Agent Rich Paul reportedly told other teams not to draft Bronny James, explaining that if they did he’d play in Australia.
While there’s no Australian equivalent for NFL players, the point is that James and his agent identified an alternative, were willing to pursue it, and let teams know about it.
And no one called his bluff. Why would they? Teams want players who want to be there. The relationship gets off to a horrible start if the player arrives kicking and screaming. Or if he doesn’t arrive at all.
When talking about NFL draft power plays, we typically mention John Elway and Eli Manning. But it was Bo Jackson who told the Buccaneers in 1986, “Don’t draft me. I’m going to play baseball.” They did anyway. And he didn’t show up. (The Raiders took a seventh-round flier on him the following year.)
As more players who are making more money in college make it to the draft, they’ll become less bashful about telling teams how it’s going to be. About bucking the outdated notion that it’s “an honor and a privilege” to be on the wrong end of the pro football Harry Potter sorting hat, sent to a place they don’t want to live to play for a team they don’t want to join.

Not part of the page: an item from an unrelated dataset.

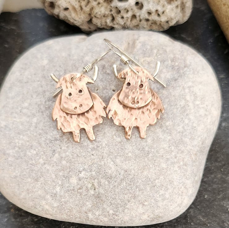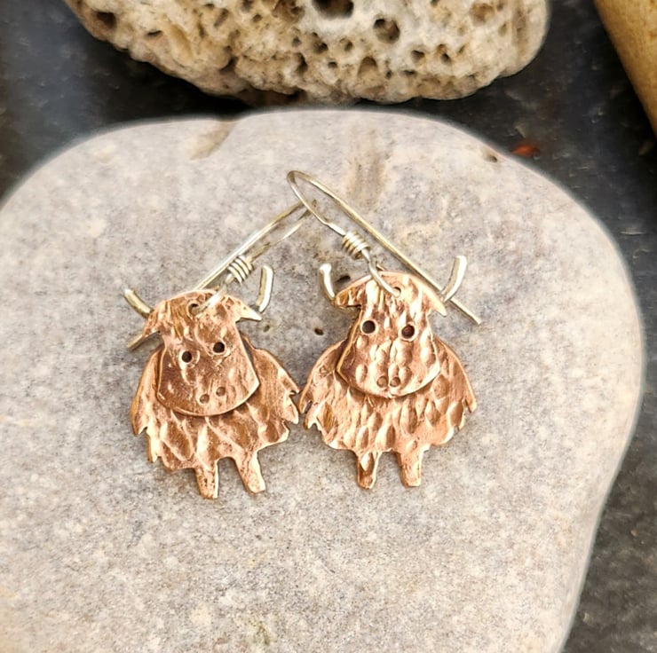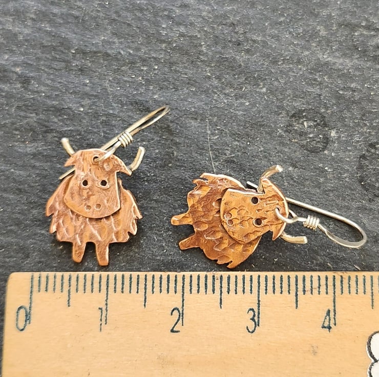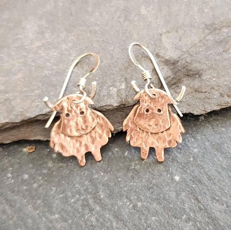 Highland cows cut from copper sheet and roughly textured. Sterling silver horns and ear hooks. Approximately 1.6cms tall, excluding horns.

It’s overdue. It’s inevitable. I’m rooting for it, in part because I love a good story — and in part because we’ve seen NFL careers derailed by starting out with a dysfunctional organization.
If that happens to enough dysfunctional organizations, maybe they’ll make a real effort to no longer be dysfunctional.
Football people complain from time to time about players who seem entitled. Frankly, nothing says “entitled” like a crappy franchise taking solace in the fact that failure gives them automatic dibs on the best of the best incoming players.